Thursday, February 15, 2018

Emancipation Creates Sickness

Throughout the first few chapters of Sick from Freedom, Jim Downs establishes a use of personal narratives to exemplify the tragedy and conditions these individuals were left to endure due to a lack of support and care from the government.  In the Introduction, he reveals that "tens of thousands of freed slaves became sick and died due to the unexpected problems caused by the exigencies of war and the massive dislocation triggered by emancipation. The distress and medical crises that freed slaves experienced were a hidden cost of war and an unintended outcome of emancipation" which showcases a concept that we discussed in class which is the mental and physical wear and tear on the body that occurs due to a difference in skin tone.1 Because of their skin tone, they fell susceptible to outbreaks in the nineteenth century as Americans' ideological position on race remained the same.
In the account of Joseph Miller, Downs mentions that "once they became sick, they often got sicker and many died. Any folk remedies or curses they may have developed while enslaved were impossible while they were on the move--running from slave masters, Confederate guards, and even untrustworthy Union soldiers."2  Alas, the Emancipation Proclamation proved to show that the slaves were officially freed in the Confederacy, yet it did not contain provisions or support for those individuals to survive. It developed into worse conditions for African-Americans during these times. It is important to note that the Miller family, in particular, "did not die from complicated medical ailments or unknown diseases" but due to the environment and political status forced upon them.3 Similarly, Downs notes "many physicians learned about the health "of the Negro" as a separate race or they may have developed ideas about race based on common assumptions and propaganda that circulated throughout the antebellum North. The Civil War morphed these ideas into practice that influences how army doctors treated, touched, and probed black bodies, and in other instances these ideas served as the justification for neglect."4  This section summarizes many ideas previously discussed and encountered connecting to race, morphology, and medicine; however, a closer examination allows for a distinct connection to be drawn to a few questions Haney Lopez raises in his piece which rests as a foundation for ideas and theories used within Downs' Sick From Freedom:
“If race is not biological, then what is it? Why do we easily recognize races when walking down the street if there is no morphological basis to race? Why does race seem obvious if it is only a fiction?".5 These few questions can be raised and asked within this piece, accordingly.

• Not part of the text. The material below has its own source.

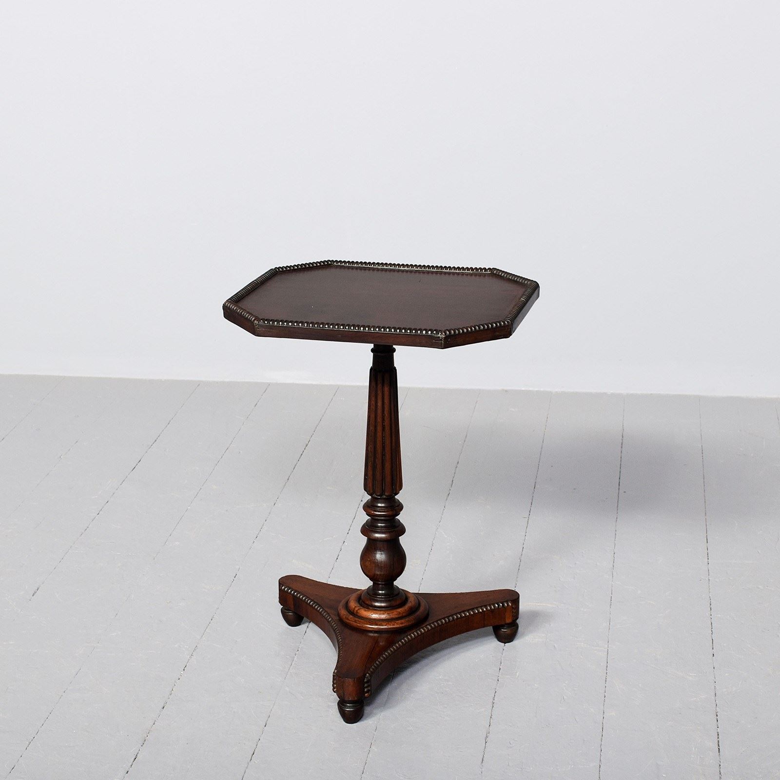 Circa 1830 (with restorations). Neat size Regency rosewood occasional table with beaded rim. The figured rosewood rectangular top with canted corners and a beaded rosewood periphery supported on a fluted tapering ring turned stem and collar over a beaded tripartite base over three neat bun feet.
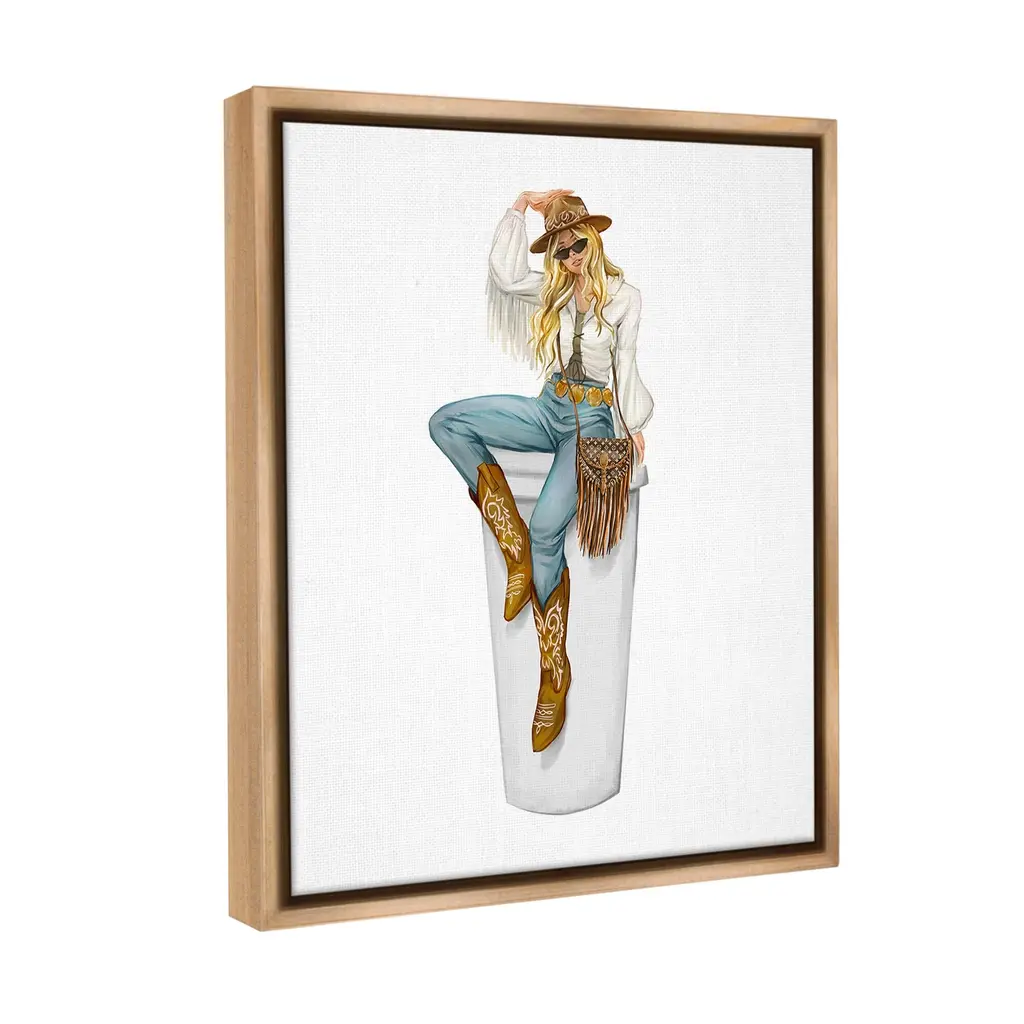 Elevate your home or office to the next level with Stupell Framed Floating Canvas Wall Art. Our premium hand-stretched canvas is mounted securely into a sturdy lightweight frame. The museum-style gap between the wrapped canvas and the box frame gives the illusion of floating artwork. Stupell Wall Art is made in the USA.Features: Dimensions: 17 x 1.7 x 21 Frame, 16 x 1.5 x 20 Canvas ArtFloating Frame Canvas Products are available in sizes 17"x21" and 25"x31". All Floating Frame Canvas Products have a 1.7" Depth.Wall Art is Ready to Hang with Hardware Free Hanging. No Installation required. For Easy Set Up Lean or Layer Artwork on Shelf or Against Wall. Artwork is Permently Fixed into the Frame.Our elevated 1.7" Thick Floating Frame is the perfect complement to our canvas style Wall Art. We use only the highest quality inks in house with industry leading printing solutions. Canvas is hand stretched over a durable wood foundation and then mounted securly into a Modern Box Frame. Made in the USA.Artwork Relates To: Equestrian, Rodeo, Country, Southwestern, Cowgirl, Glam, Fashion, CoffeeDesign by Ziwei Li

1 Downs, Jim. Sick From Freedom. Oxford: Oxford University Press, 2012: 7.
2Downs, Jim. Sick From Freedom. Oxford: Oxford University Press, 2012: 19.
3Downs, Jim. Sick From Freedom. Oxford: Oxford University Press, 2012: 21.
4Downs, Jim. Sick From Freedom. Oxford: Oxford University Press, 2012: 41.
 5Haney-Lopez, Ian F. "Social Construction of Race: Some Observations on Illusion, Fabrication, and Choice." Berkeley Law Scholarship Repository, no. 1 (1994): 19.